La France dispose d’une loi prévoyant une ingérence dans la vie familiale, que nous évoquerons un peu plus loin. La première condition est donc facilement remplie. Pour ce qui est de la seconde, beaucoup plus confuse, Françoise Tulkens interroge la question épineuse du bien-être de l’enfant « L’intérêt de l’enfant bien

sûr doit passer avant toute autre considération, mais l’intérêt de l’enfant présente un double aspect. Il est certain que garantir à un enfant une évolution, dans un environnement sain, relève de son intérêt. Et donc la Cour l’a souvent dit, l’article 8 ne peut autoriser un parent à prendre des mesures qui sont préjudiciables à la santé ou au développement de l’enfant. Mais d’un autre côté, il est tout aussi clair que l’intérêt de l’enfant est que le lien entre lui et sa famille soit maintenu, sauf dans des cas extrêmes. Briser un tel lien revient à couper l’enfant de ses racines et peut être considéré comme une forme de maltraitance sociale » (ATD QUART MONDE, 2002).
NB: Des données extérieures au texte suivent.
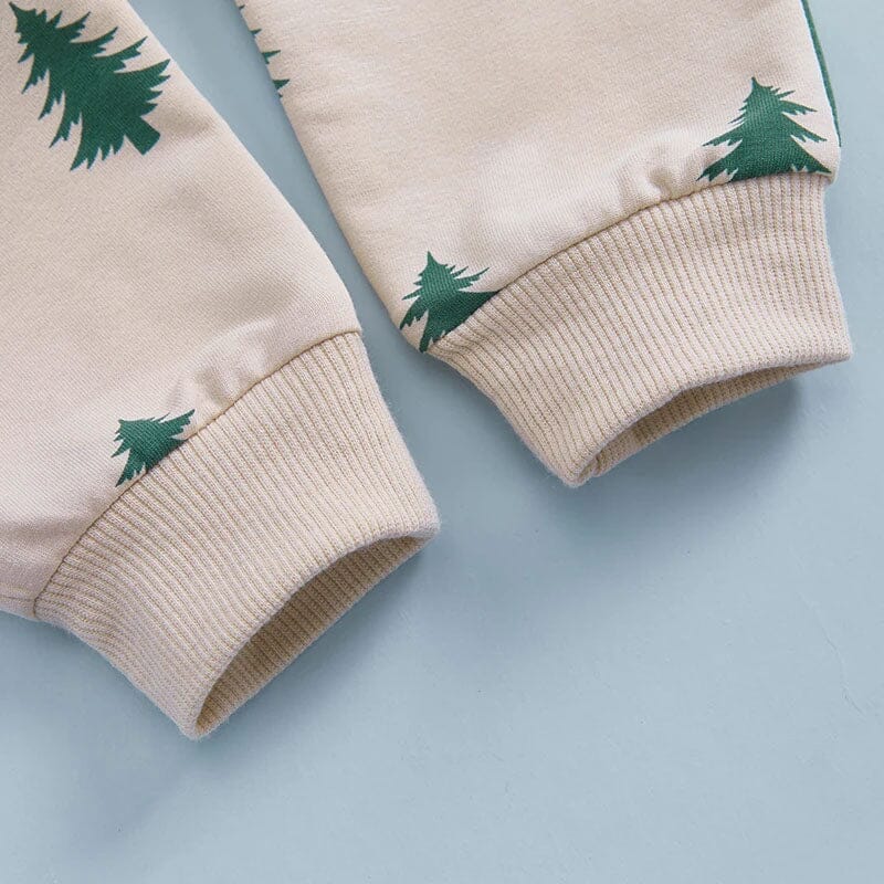 This cozy unisex baby set is adorned with a charming pine tree pattern, making it a festive choice for the holiday season. The soft, breathable fabric ensures comfort for all-day wear, ideal for both playtime and naptime. The hooded sweatshirt adds a layer of warmth, perfect for colder December days. Its adjustable drawstring pants allow for a snug, custom fit as your little one grows. This set is not only stylish but also practical, offering both comfort and holiday cheer in one adorable package.
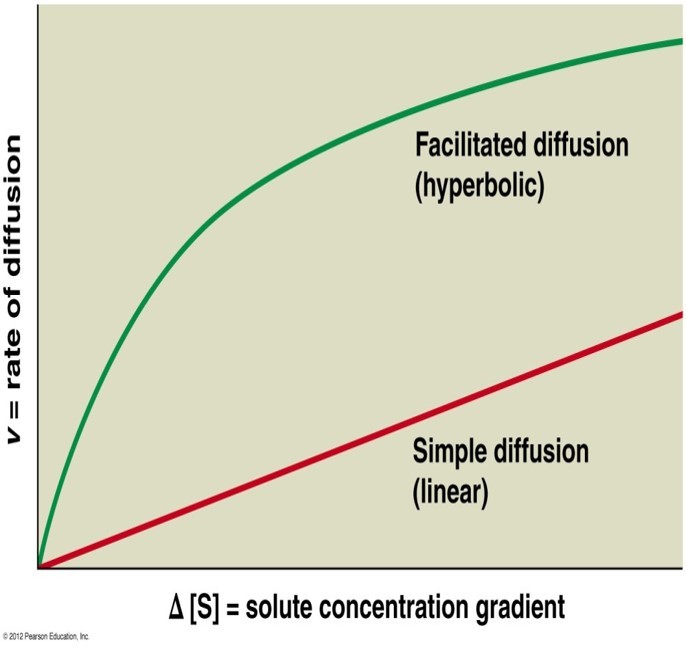 for facilitated diffusion the relationship between the rate of diffusion and solute concentration is linear when the concentration gradient is small, but when the concentration increases the diffusion rate is hyperbolic
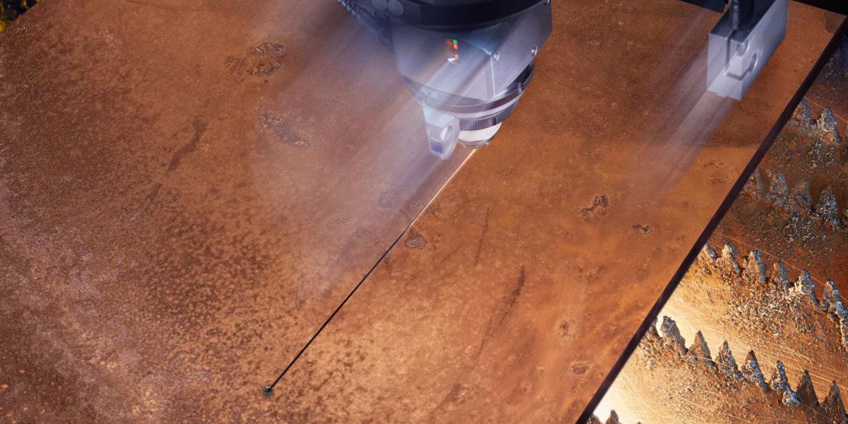 Der Schnittspalt verrät viel über die Teilequalität und die Prozessstabilität. Je leichter das geschmolzene Material aus dem Spalt austritt, desto reibungsloser schneidet die Maschine. In Bau- und Edelstahlblechen ab vier Millimeter nimmt Active Speed Control diesen Schmelzfluss unter die Lupe. Die Sensorik blickt dafür durch die Düse und beobachtet die Strahlung, die beim Schmelzen des Materials entsteht. Anhand dieses sogenannten Prozessleuchtens bestimmt sie, ob die Schmelze wie geplant austritt, ermittelt den schnellstmöglichen Vorschub und regelt bei Bedarf nach - und das viele hundert Mal pro Sekunde. Auf diese Weise stellt Active Speed Control den optimalen Vorschub auch dann sicher, wenn die Blechdicke innerhalb einer Tafel variiert oder die Oberseite durch Rost oder Lacke verunreinigt ist. Solche Materialunterschiede führen für gewöhnlich häufig dazu, dass sich Schlacke bildet oder der Schnitt abreisst.
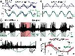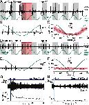 Extraocular nerve discharge during vertical axis rotation in larval Xenopus. AâF, Vertical axis rotation designed to minimize utricle activation and maximally activate one vertical canal pair (C, inset) modulates the spike discharge of the superior (Sup) oblique nerve in stage 47 animals (AâC) but does not modulate nerve activity in stage 46 animals (DâF). B and E show one cycle of the recordings in A and D at an extended time scale, respectively; the average ± SD (red area) of five animals over 30 cycles is summarized in C and F, respectively. G, H, A brief pressure pulse of endolymph Ringer's solution into the ipsilateral (Ipsi) posterior (Post) (G) and contralateral (Contra) anterior (Ant) vertical semicircular canal (H) in the same stage 46 specimen shown in DâF modulated the discharge of the superior oblique nerve. The scale bar in H also applies to G.
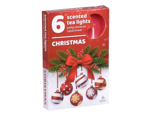 Červené čajové svíčky s vůní vánoc v hliníkovém kalíšku. Baleno po 6 kusech v papírové krabičce s obrázkem ozdobené smrkové větvičky s vánočními ozdobami a cesmínou. Velikost krabičky: 8 x 12 cm.
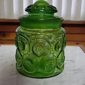 Emerald Green Moon Ans Stars Glass Jar with Lid (111)
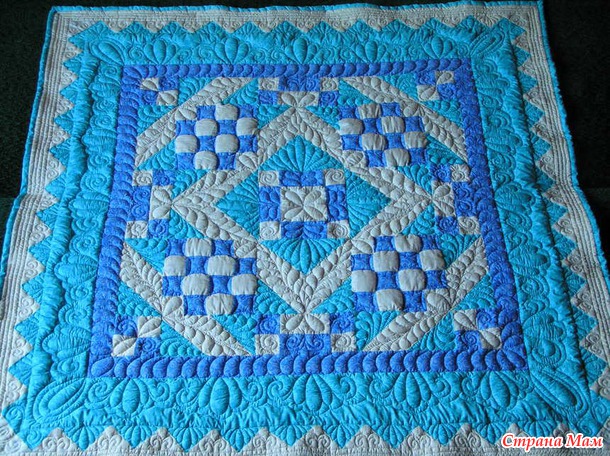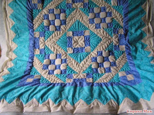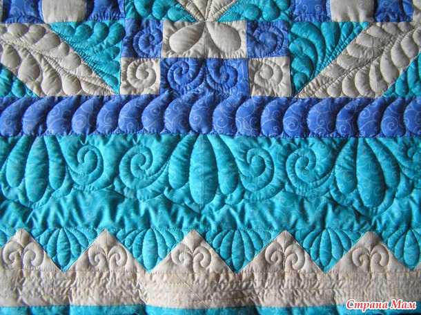 Конечно, прежде чем начать стегать бордюр, к примеру, чтобы вписать рисунок в размер одеяла, я делю бордюр на равные отрезки, и в каждый отмеченный отрезок "вписываю" рисунок стежки, потом повторяю его.

Enfin, la troisième condition est que

cette mesure soit nécessaire et donc que les motifs invoqués soient sérieux, décisifs, pertinents et établissent un besoin social impérieux (ibid, p. 99).

D’autres aspects intéressants de la limitation par la Cour européenne des droits des Etats à séparer les parents des enfants retiendront notre attention dans les

développements concernant notre travail empirique, nous ne les évoquons donc pas maintenant.

Quant à la question spécifique du placement des enfants de mère toxicomane, elle n’est que très peu abordée en soi dans la littérature française médicale ou spécialisée, sinon dans des études épidémiologiques concernant les grossesses en particulier des femmes héroïnomanes, comme une conséquence sociale de la consommation.